What rights do working parents have to help child care, virtual learning during an epidemic?

Employment lawyers say that parents struggling to balance their jobs and child care needs during the Torrento – epidemic may be entitled to workplace accommodations with such flexible hours and times.

Simone Ostrovsky, an employment lawyer at Whites & Lublin in Toronto, says, “Employees generally have an obligation to accommodate childcare obligations of employees in the workplace.”

Federal and provincial law gives employees across the country the ability to seek accommodation and modifications based on their family status. Housing typically includes things like flexible working hours, alternate workdays and the ability to work from home, all of which can help parents whose children are receiving online education from home.

Ontario has extended school closures indefinitely, with Nova Scotia announcing that schools in the Halifax area will be closed this week and COVID-19 cases will increase. Alberta has also closed schools in high-case areas, including Edmonton, Calgary and Fort McMurray.

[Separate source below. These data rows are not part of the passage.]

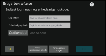 Brugergodkendelse på maskinen ved brug af hurtig brugergodkendelse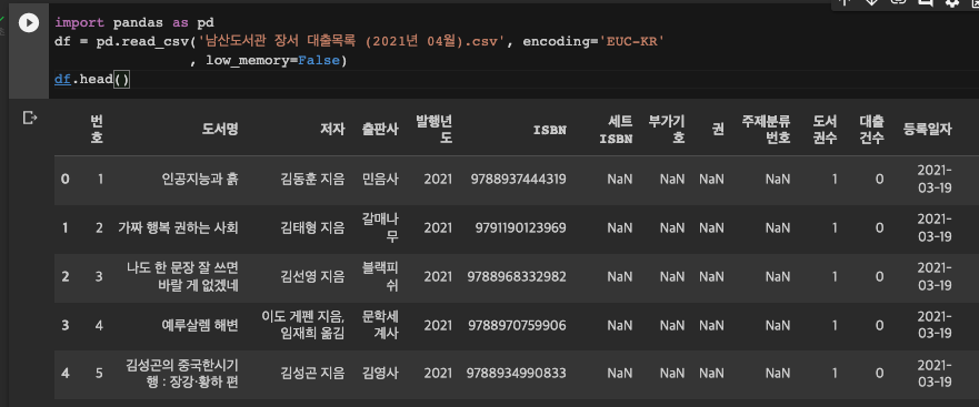 ☞ p. 71 ~ 73 남산 도서관 데이터를 코랩에서 데이터프레임으로 출력하고 화면 캡처하기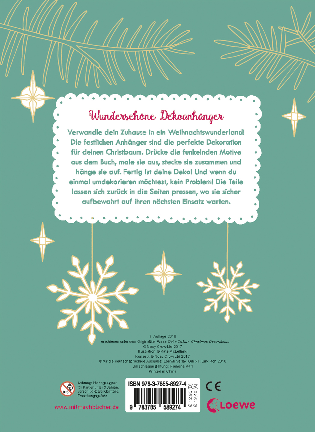Drücke die funkelnden Motive aus dem Buch, male sie aus, stecke sie zusammen und hänge sie auf. Fertig ist deine Deko! Und wenn du einmal umdekorieren möchtest, kein Problem! Die Teile lassen sich zurück in die Seiten pressen, wo sie sicher aufbewahrt auf ihren nächsten Einsatz warten.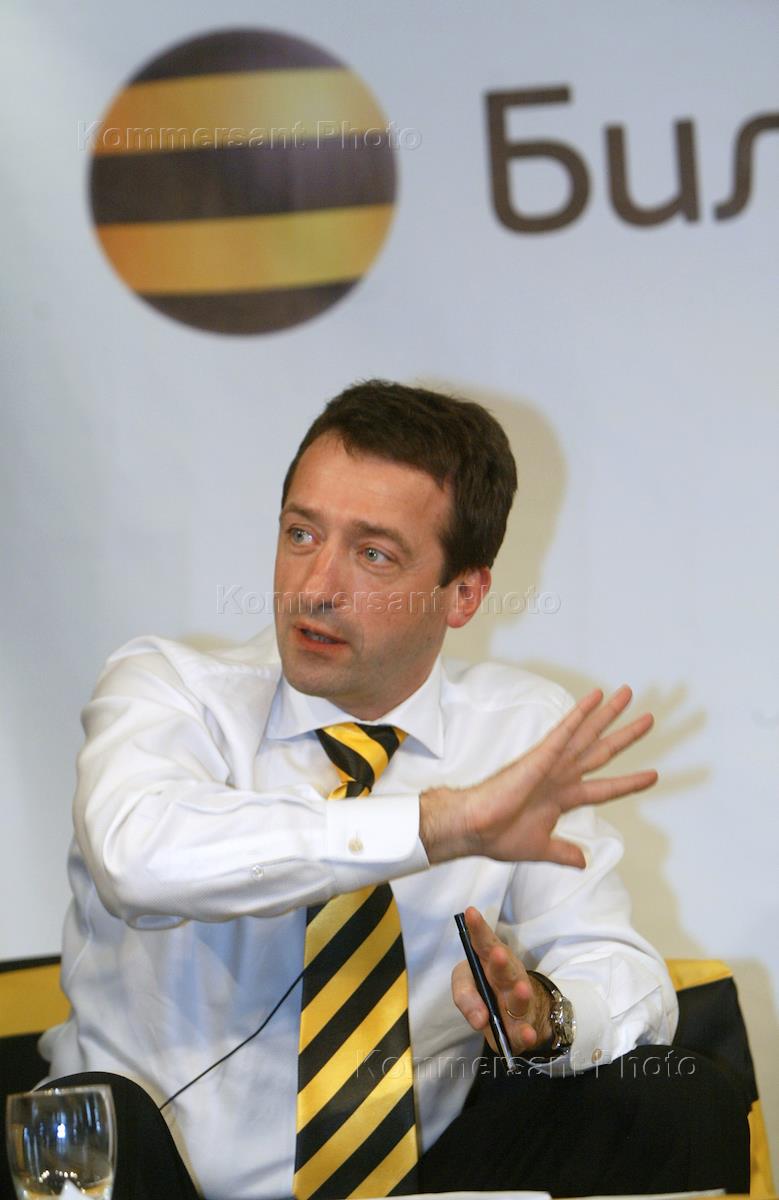 Director general of the Russia's second-largest mobile phone operator VimpelCom Alexander Izosimov takes part in a press conference. VimpelCom has launched a campaign to re-style its major brand name, changing it from BeeLine GSM to BeeLine. The company also introduced a new circular logo featuring horizontal black and yellow stripes.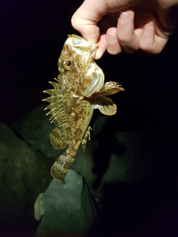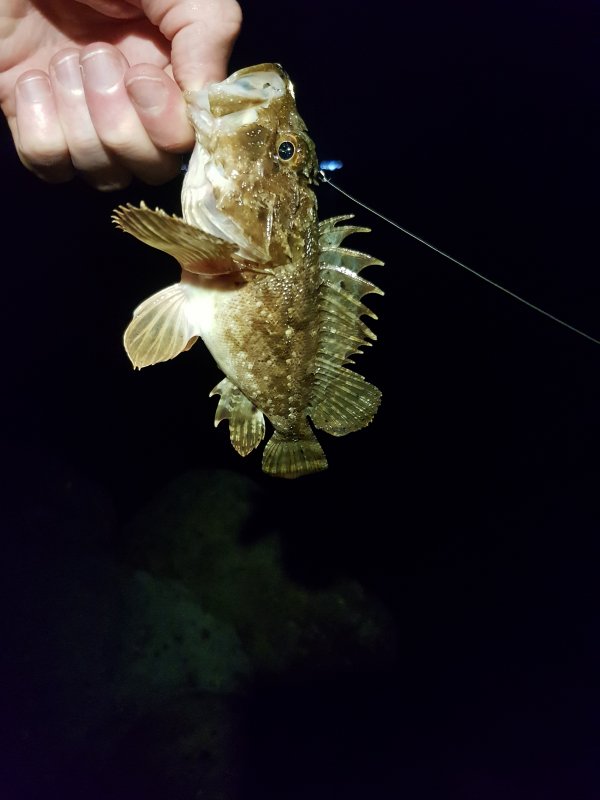 Сначала крупная скорпена без позирования, затем семь средних. Перешёл на микро джиг - две мелкие ставридки. Колебло под конец без реализации. Вечер удался.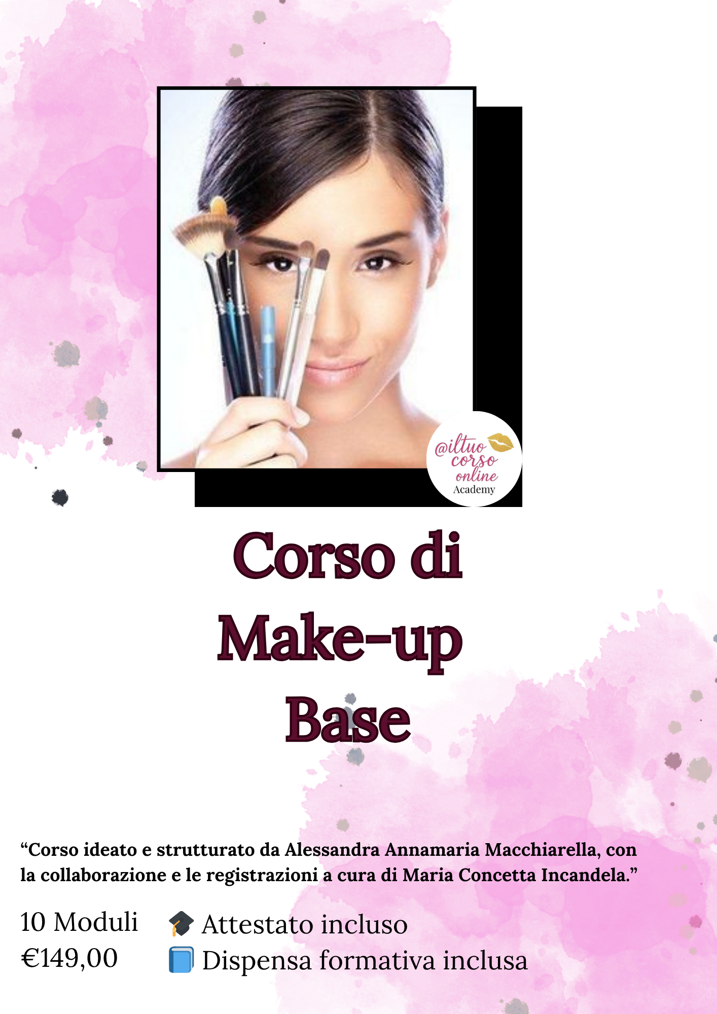 Il Corso di Make-up Base è pensato per chi desidera avvicinarsi al mondo del make-up e apprendere le tecniche fondamentali per realizzare un trucco impeccabile, armonioso e adatto a ogni occasione.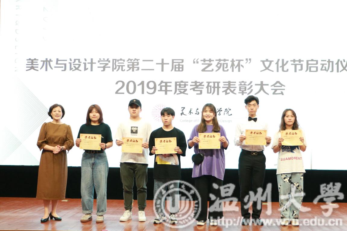 2019年4月24日下午,性爱视频 第二十届艺苑杯文化节启动仪式暨2019年度考研表彰大会在岩松堂雁山厅顺利举行。莅临本次启动仪式的领导有校党委宣传部副部长冯方盛,校教务处副处长胡瑜,校学工部副部长、学生处副处长高红星,校就业处副处长应中,校团委副书记魏一,超豪学区党委副书记李祖祥,性爱视频 院长李运河,党总支书记张丽萍,副院长张晓剑。参加本次活动的还有性爱视频 17、18级同学。启动仪式由美院党总支副书记杨振海主持。 本届“艺苑杯”文化节的主题“艺梦为马·不负韶华”源自海子的著名诗篇《以梦为马》,寓意美院学子将艺路梦想作为前进的方向和动力,在有限的年华里为梦想去拼搏。系列活动包括纪念“五四运动100周年”;传承中华优秀传统文化;“融艺优品”创新创业;“艺家人”青年志愿服务;“毕业季”;纪念“建国70周年”等6大篇章共34个子活动。 启动仪式的开场是“五四”主题诗朗诵《青春的火焰》。充满爱国激情的诗歌表达了对100年前五四运动的深切赞颂,激昂的文字让同学们更深切体会到了五四运动的爱国主义精神内涵,进一步增强了同学们的时代责任感和使命感。 张丽萍书记为启动仪式致辞。张书记回顾了“艺苑杯”文化节自2000年创办以来不断发展壮大的历程。“艺苑杯”文化节不仅营造了积极向上、健康文明的校园文化氛围,更成为同学们在实践中锻炼自我成长才的重要平台。张书记鼓励同学们积极参加到“艺苑杯”文化节各项活动中,用激情去创造,用行动去证明,用精品去展现,共同谱写青春绚丽多彩的乐章。 仪式最后,与会领导上台共同启动性爱视频 第二十届“艺苑杯”文化节。 会议第二项议程是学风表彰。大会宣读了2018年度性爱视频 “五班十星”名单和2019年度性爱视频 “考研奖学金”获得者名单。2017-2018学年校级学习标兵陈晨,2019年度美院“考研奖学金”获得者代表15服工班杨怡洁、15美术学一班聂枭雄分别做学习和考研经验分享。2019年性爱视频 共有16人考取研究生,16人中有5人被浙江理工大学录取、6人被性爱视频 录取、1人被杭州师范大学录取,还有4人被国外的大学录取。与会领导为他们颁发了奖状和证书并合影留念。 随后,李运河院长作考研动员讲话。他指出了本科阶段学习与研究生阶段学习的不同,并引用毛泽东、曾国藩、习近平总书记等名人轶事鼓励同学们以考研成功的学长学姐为榜样,树立以学习为本的理念,任何时候都不要放弃学习,多读书,读好书,勤实践,多游学,珍惜大学时光,珍惜青春韶华,学好专业知识,实践专业技能,强健体魄,刚强意志,努力奋斗实现人生梦想。 最后,为迎接祖国70华诞,全体师生手中挥动国旗,共同献唱《我和我的祖国》,大会圆满结束。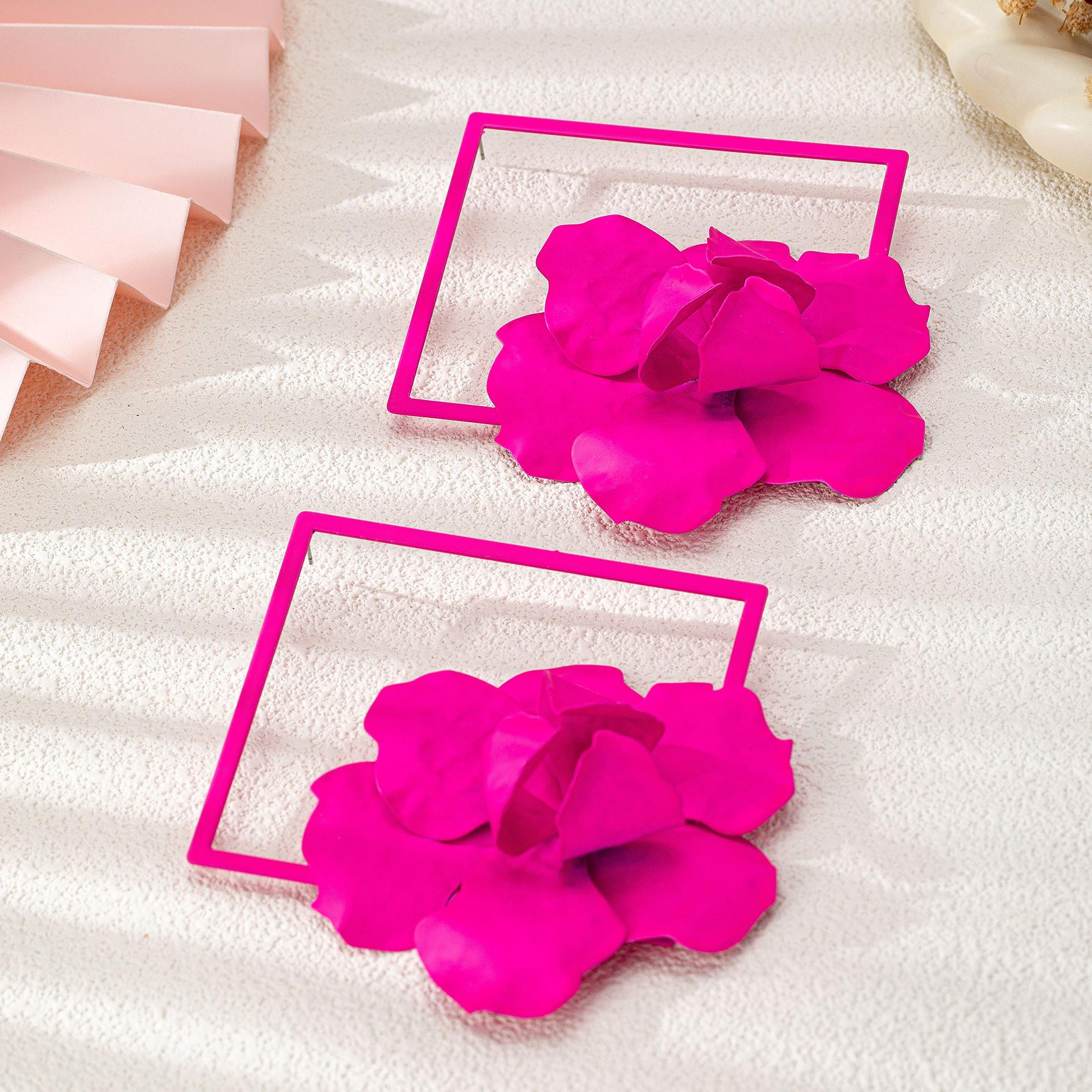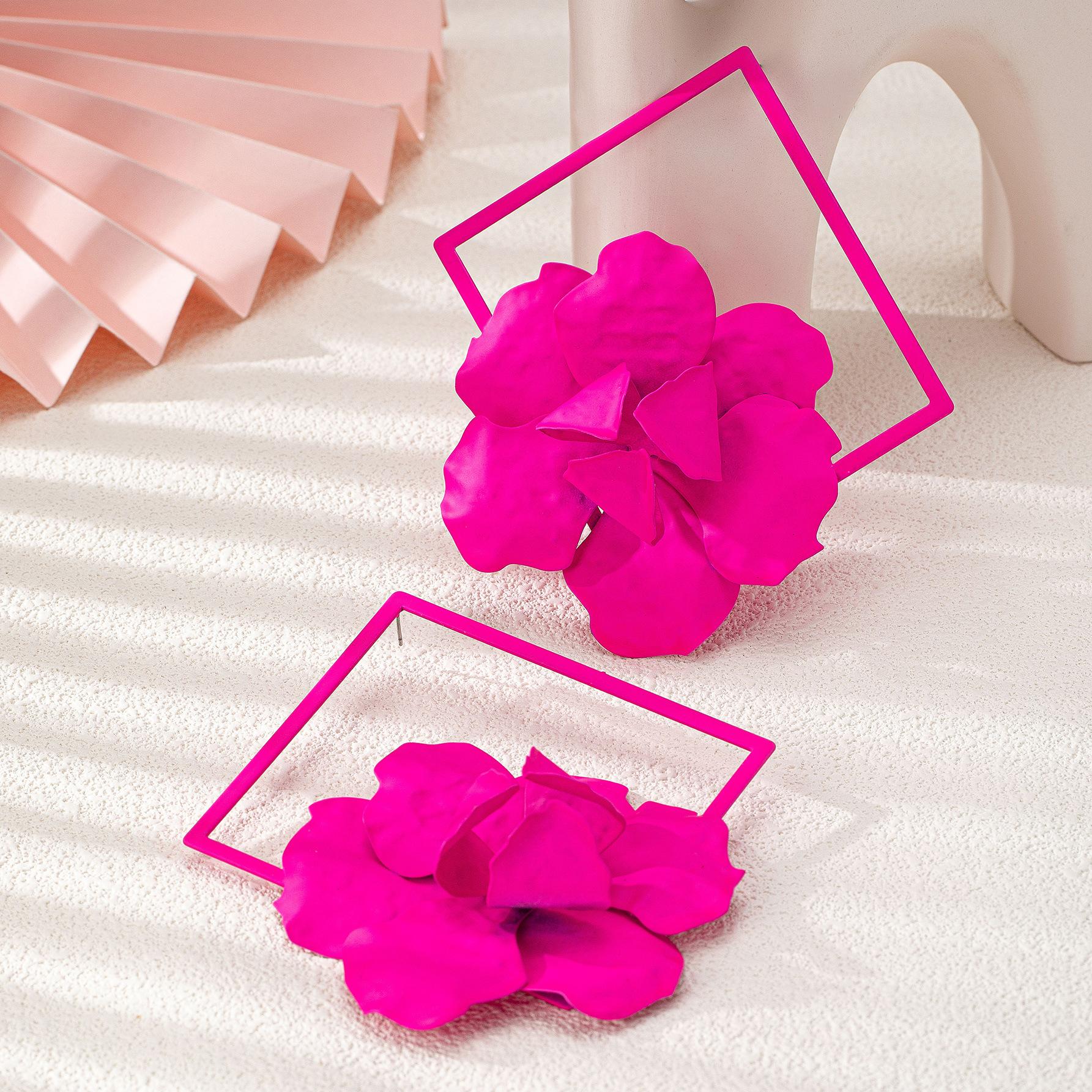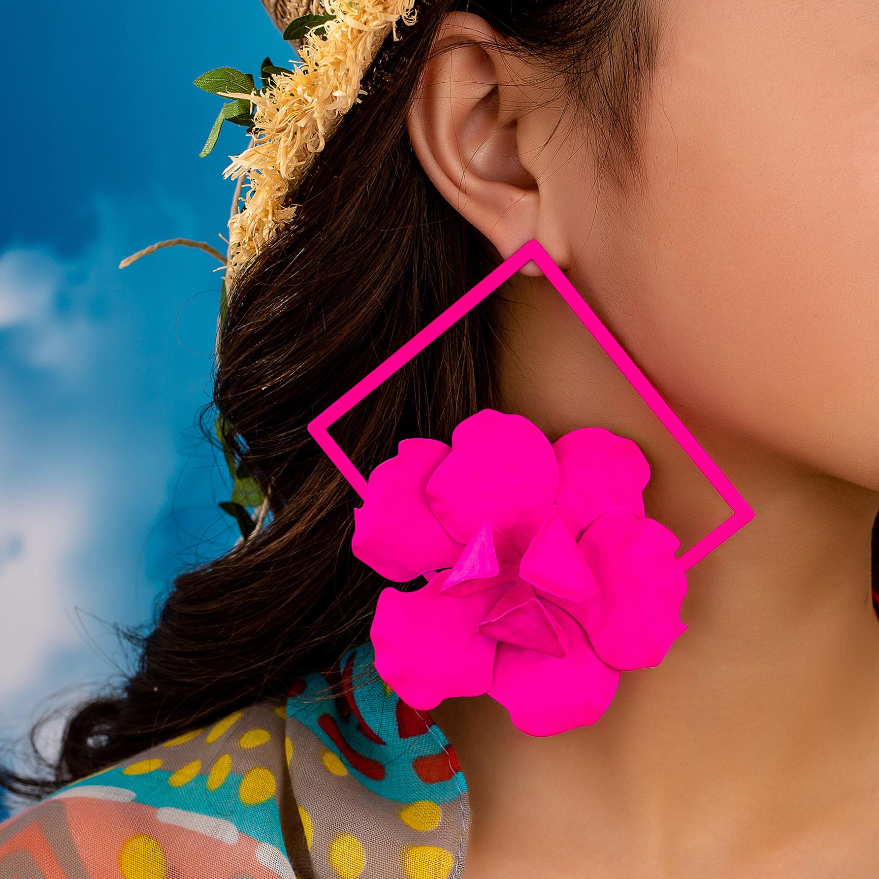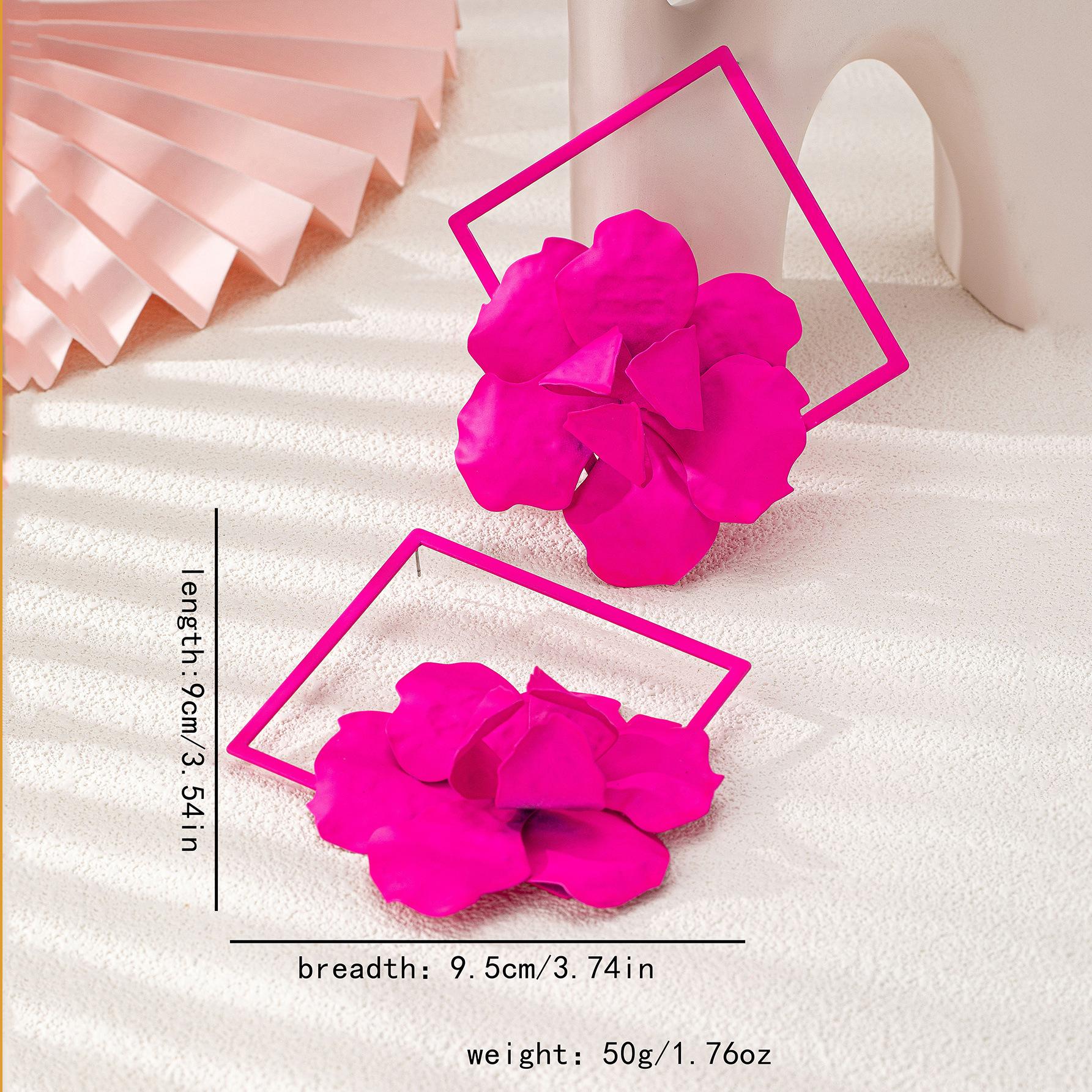 Pendientes de tuerca de flor grande rosa roja de personalidad exagerada tendencia de moda para damas para uso de fiesta

Schools located in the Quebec Metropolitan Community as well as other high-risk areas are closed until May 7.

“If a family has a new child, for example, or children, but even seniors or parents who need care, employees should ask their employers for housing within a certain range Has the right to do what they can and cannot do, ”, an employment lawyer in Toronto and owner of Achker Law. “That can be in the form of starting later, starting earlier, working at different times like Saturday and Sunday, different types of accommodation they ask for, but then within a range.”

It is the responsibility of both the employee and the employer to ensure that the accommodations are fair and equitable based on the employee’s family circumstances.

“As long as the employee can still perform the main duties of the job, but they simply need some accommodation, say for the time being, the employer must work with them to provide it,” Ostrovsky said.

“Employees may not necessarily emphasize a particular type of housing. They may make their requirements and limitations known but it is ultimately employers and employees who are going to decide together what a suitable accommodation is.”

Employees also have the ability to request temporary leaves based on family status. However, the type of leave they are granted and paid or not depends on their employer.

In response to the COVID-19 epidemic, several provinces have implemented emergency leave orders for better support staff dealing with COVID-19 related issues. To date, BC, Alberta, Saskatchewan, Manitoba, New Brunswick, PEI, and Newfoundland and Labrador have all issued COVID-9 related unpaid emergency leave programs that allow employees to support families and children in case of school closures or illness Allow to take leave for.

In Ontario, Infectious disease emergency leave Outlines emergency leave standards for employees who need time off due to an epidemic.

However, temporary leaves are not always a beneficial decision for employees, as they are unpaid and can potentially drive an employee away from the workplace.

“Apparently whenever an employee is away from a workplace, it potentially puts them in a vulnerable position,” says Ostrovsky. “That’s why we have [legal] Security. We say that an employee cannot be punished because they have taken one of these protected leaves, but we believe that we need that legal protection because someone who is not in the workplace and who is on leave Is, often the risk of termination or happening is more avoidance of workplace decisions. “

Employees who find their employer reluctant to live on the basis of their family status can contact an employment lawyer, the Ministry of Labor, or file a complaint under human rights law in their province or human rights law.